> WORK TO COMPLETE:
Retype the whole listing, please, keeping every line exact and dropping the pictures.

> COLLECTED MATERIAL:

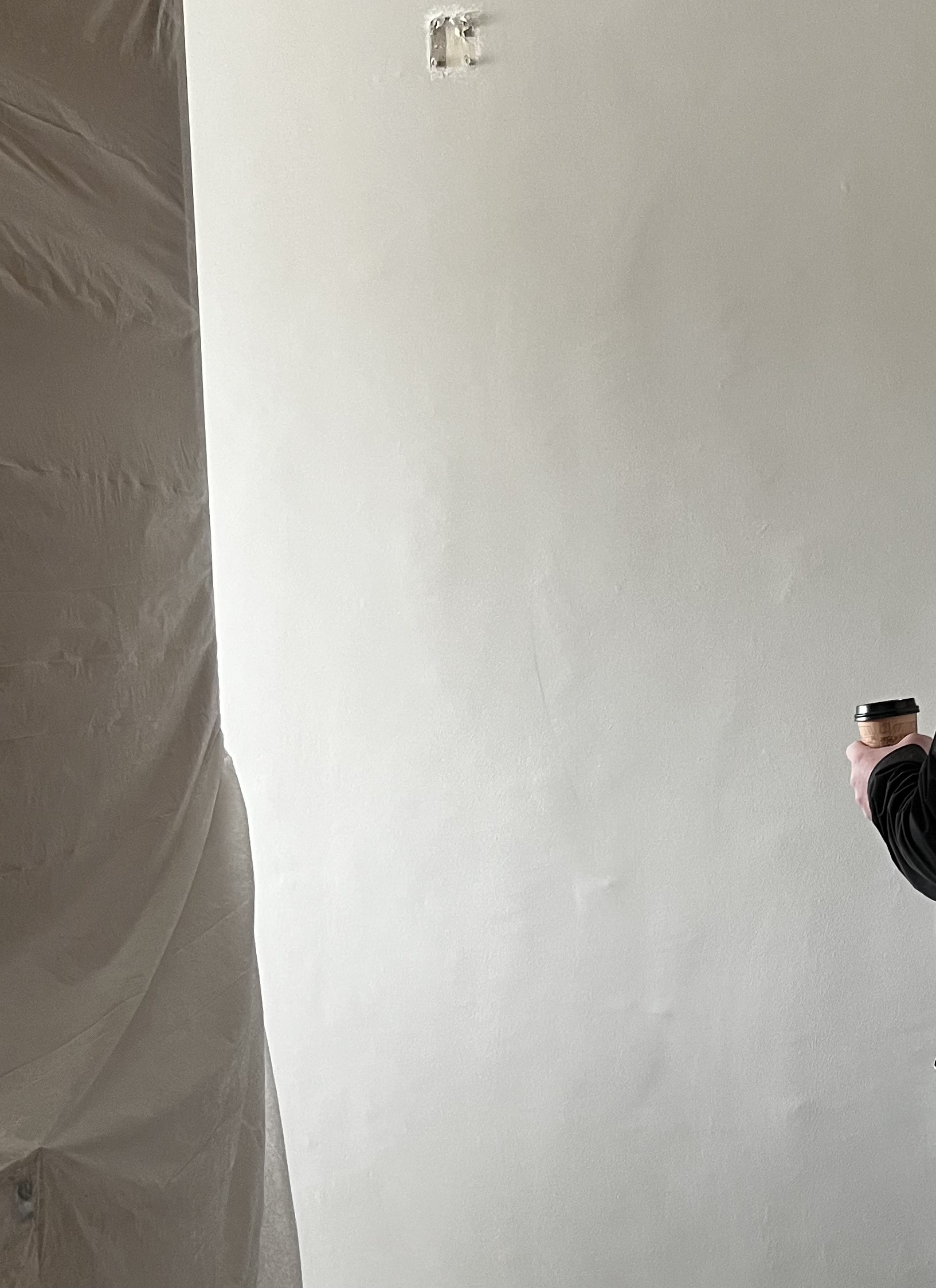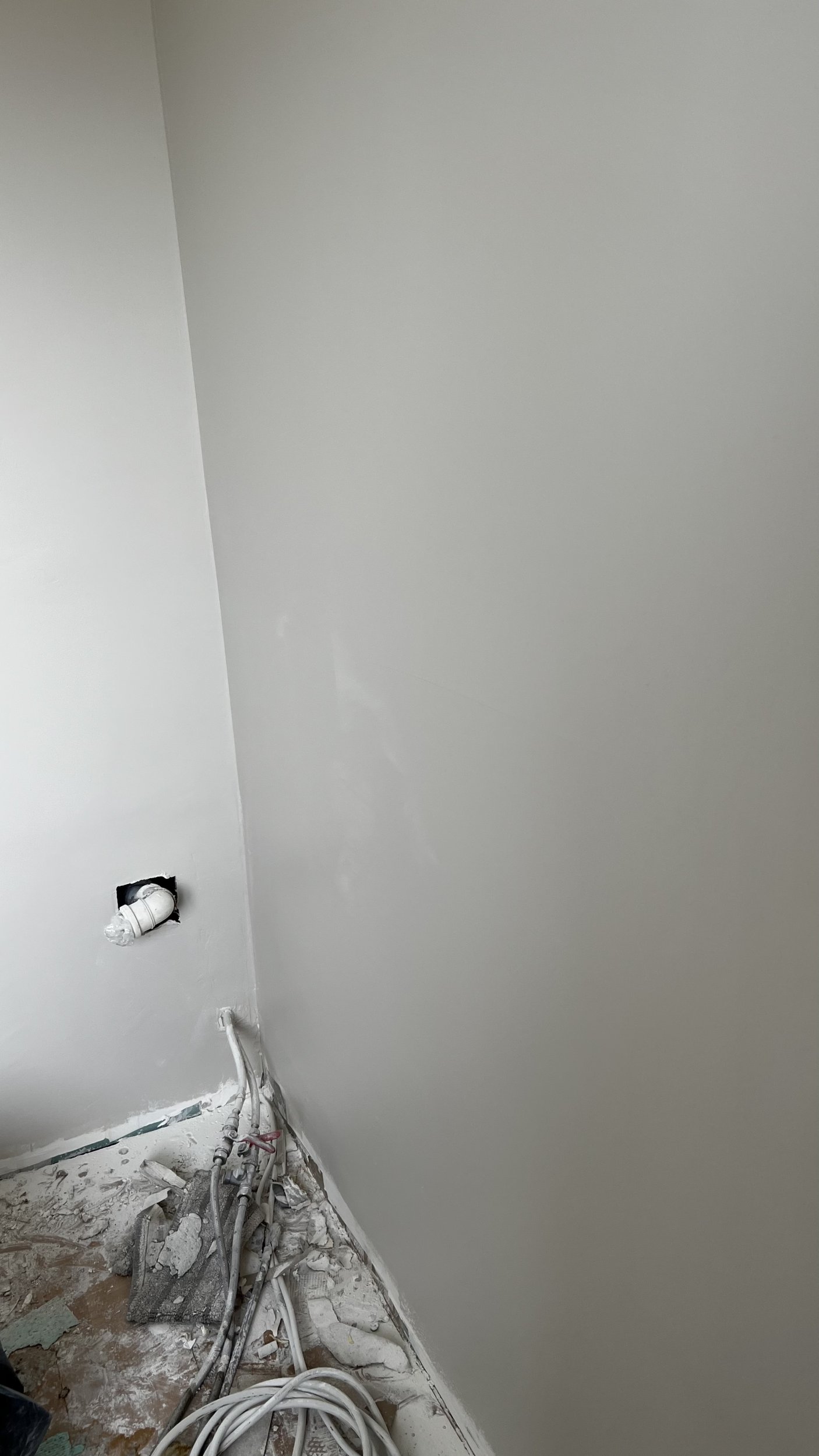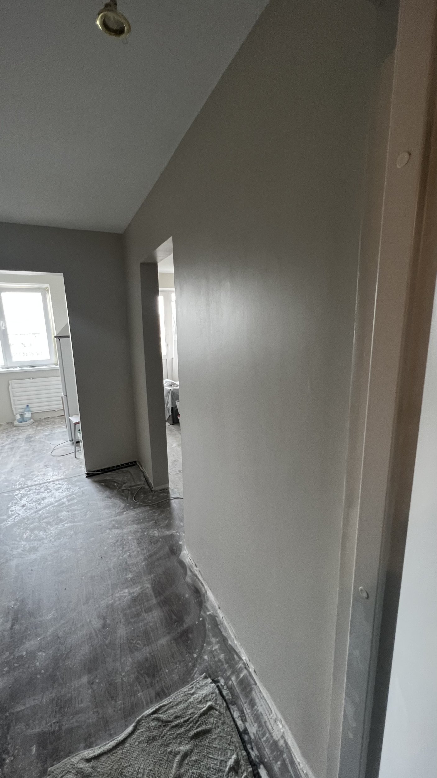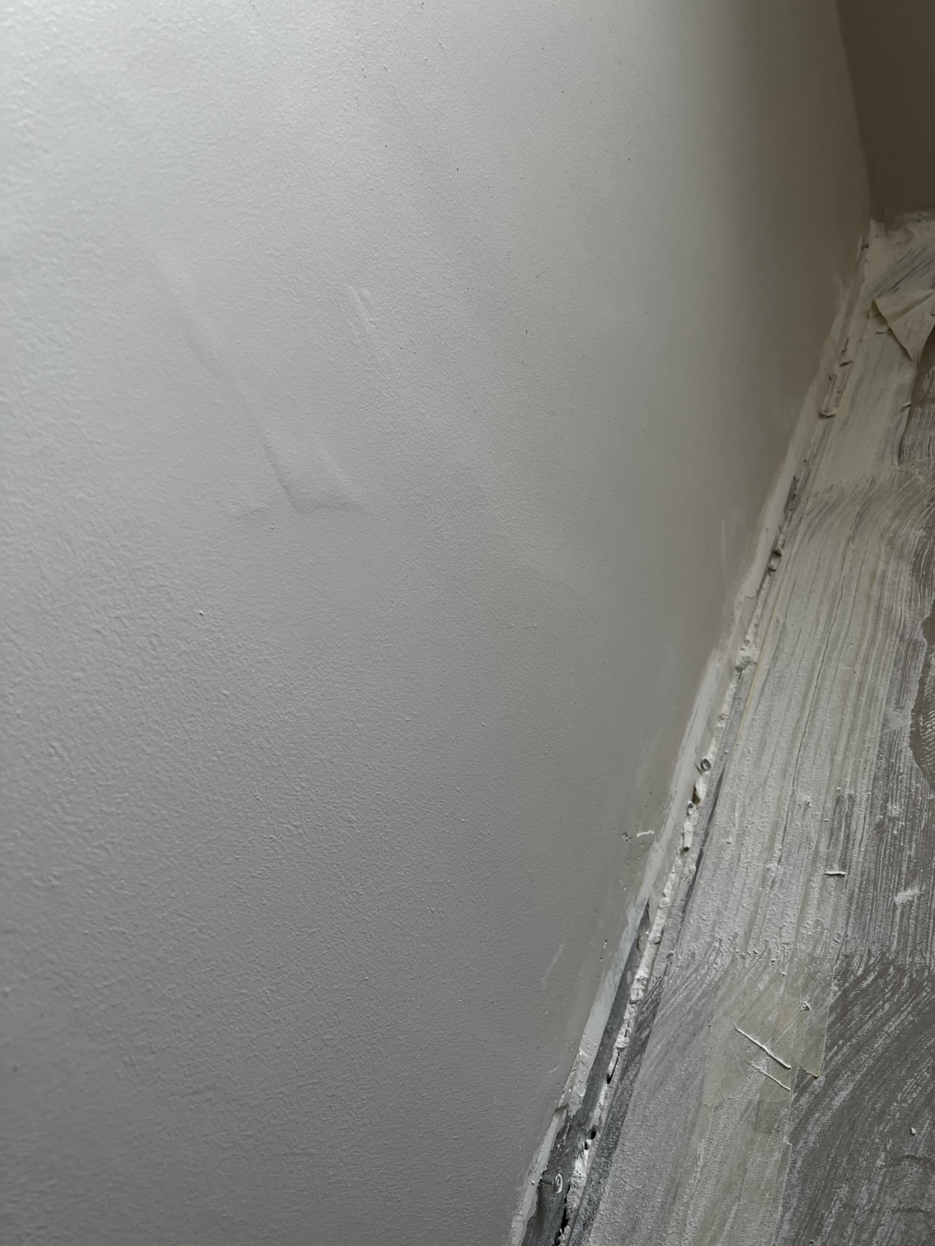 Väga saamatu töömees tasandas ja värvis seinad. Tulemus on väga halb. Mõnes kohas on mullid. Vaja on ebakorrapärasusi parandada ja mullid eemaldada, ukseavasid joondada. Ning kõik uuesti värvida.
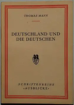 - ↑ Angaben aus: Thomas Mann: Essays. Band 5: Deutschland und die Deutschen. Kommentar, Deutschland und die Deutschen, Entstehung. Fischer, Frankfurt 1996, S. 433.
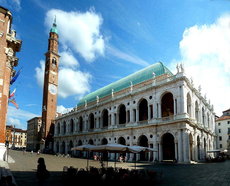 So orientiert peilen wir nun das Zentrum der Stadt an. Betreten die Altstadt durch ein Tor in der dicken Stadtmauer und finden rasch die Touristeninfo. Mit dem dort aufliegenden Stadtplan finden wir zur Piazza Mateotti, wo wir Rast machen. Über Mittag hat nur das Palladio-Museum offen, das in einem von ihm erbauten Palast zu finden ist. Recht modern aufbereitet gibt es Einblicke in einige seiner Bauten, Modelle seiner wichtigsten Werke und Erklärungen zu Baustil und -technik. Außerdem sind in diesem Gebäude derzeit erstmals "Die vier Allegorien" von Paolo Veronese gemeinsam ausgestellt.

> SOLUTION FOR THIS TASK:
 Väga saamatu töömees tasandas ja värvis seinad. Tulemus on väga halb. Mõnes kohas on mullid. Vaja on ebakorrapärasusi parandada ja mullid eemaldada, ukseavasid joondada. Ning kõik uuesti värvida.
 - ↑ Angaben aus: Thomas Mann: Essays. Band 5: Deutschland und die Deutschen. Kommentar, Deutschland und die Deutschen, Entstehung. Fischer, Frankfurt 1996, S. 433.
 So orientiert peilen wir nun das Zentrum der Stadt an. Betreten die Altstadt durch ein Tor in der dicken Stadtmauer und finden rasch die Touristeninfo. Mit dem dort aufliegenden Stadtplan finden wir zur Piazza Mateotti, wo wir Rast machen. Über Mittag hat nur das Palladio-Museum offen, das in einem von ihm erbauten Palast zu finden ist. Recht modern aufbereitet gibt es Einblicke in einige seiner Bauten, Modelle seiner wichtigsten Werke und Erklärungen zu Baustil und -technik. Außerdem sind in diesem Gebäude derzeit erstmals "Die vier Allegorien" von Paolo Veronese gemeinsam ausgestellt.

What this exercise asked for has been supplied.